Another flash fiction challenge from

These are addictive!

     He’d bought the ticket on the internet, off his iPod on the cab ride to the airport. Sure, he’d had to use his credit card, but he’d be safely in Argentina before anyone even knew he was gone, so the paper trail would end at the airport. Was this the best idea? Mark didn’t know. He thought he was lucky to even have a single cohesive thought, let alone a fool proof plan.

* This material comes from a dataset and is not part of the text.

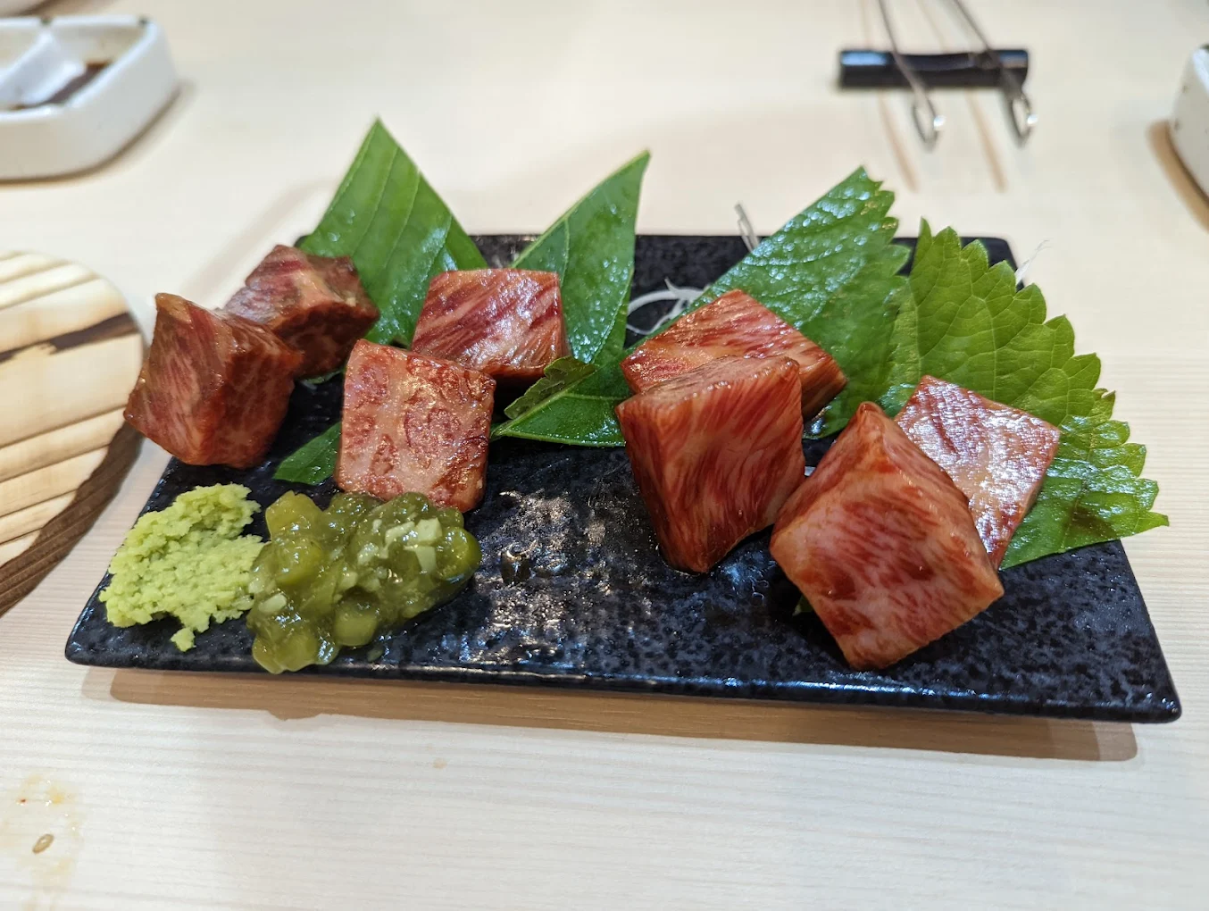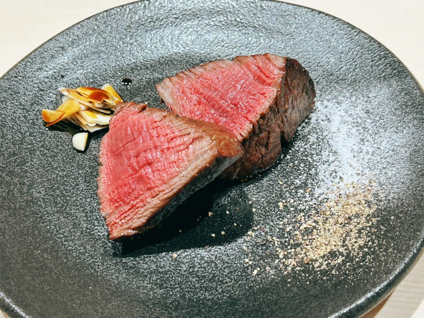 最初のタン元から始まり、ザブトン、テール、ハラミ、そしてシャトーブリアンへと続く流れはまさに芸術。焼き方、切り方、火入れ、すべてに店主の哲学が息づいています。特にテールの焼物は珍しく、その旨味と食感は一度食べたら忘れられない逸品です。

Sitting on the edge of the back seat in the air conditioned taxi, he felt a trickle of nervous sweat break from his sideburn and trail down the side of his face. The black night made a mirror of the cab’s door window, and he looked away from the reflection of his worried expression. He hadn’t meant to do it, but it had happened. He was still in shock. Today had been like any other day; dragging himself through another tension filled mundane day at a job that he’d loathed, his only goal to clock out and head home for a couple cold ones. But when he’d come home, she’d been in the mood to fight. If he’d just been able to have a few beers… but no; she lit into him. It was the same old same old. When are you going to do something about that job? You should’ve advanced by now, not been demoted to a lower pay scale. And why home so early? Did you beg off the overtime that you were supposed to work today? We’ve got bills, you know. Mother said you’d be the death of me!

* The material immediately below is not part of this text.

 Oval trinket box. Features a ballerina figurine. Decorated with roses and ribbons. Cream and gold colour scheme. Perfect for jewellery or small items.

     That’s when he hit her. Harder than he ever had before. He knew it was bad when he could see her left eye was aimed towards the bridge of her nose, as if examining a fly that wasn’t there. She cursed him the whole time he helped her. He got the cold compress, stopped the bleeding. That’s when he saw her cheek bone protruding through the skin. She cried in jags, saying how he was going to pay. That’s when Mark ended it. She lay on the couch, cold compress on her face, eyes closed. Mark told her to be still and he’d call the police; an ambulance. But instead, he got a pillow from the bedroom. She kicked and flailed, even scratching his neck, but it was quicker than he thought it would be. Then he called American Taxi.
     Mark hunched his shoulders, pushing his forearms down on the tops of his thighs, fingers interlaced, squeezing till his knuckles were white. He shivered spasmodically, listening to his teeth grind through his jawbone. When they pulled up to the departing flights drop off, he became aware that he had been rocking himself back and forth.
     “You okay, Bub?” came the Middle Eastern accent from the cabby.
     “Yeah. Like the taxi cold, do you?”
     “No air conditioning like this where I’m from, my friend. Need help with your bags?”
     “I’m good. Here’s fifty. Keep the change.”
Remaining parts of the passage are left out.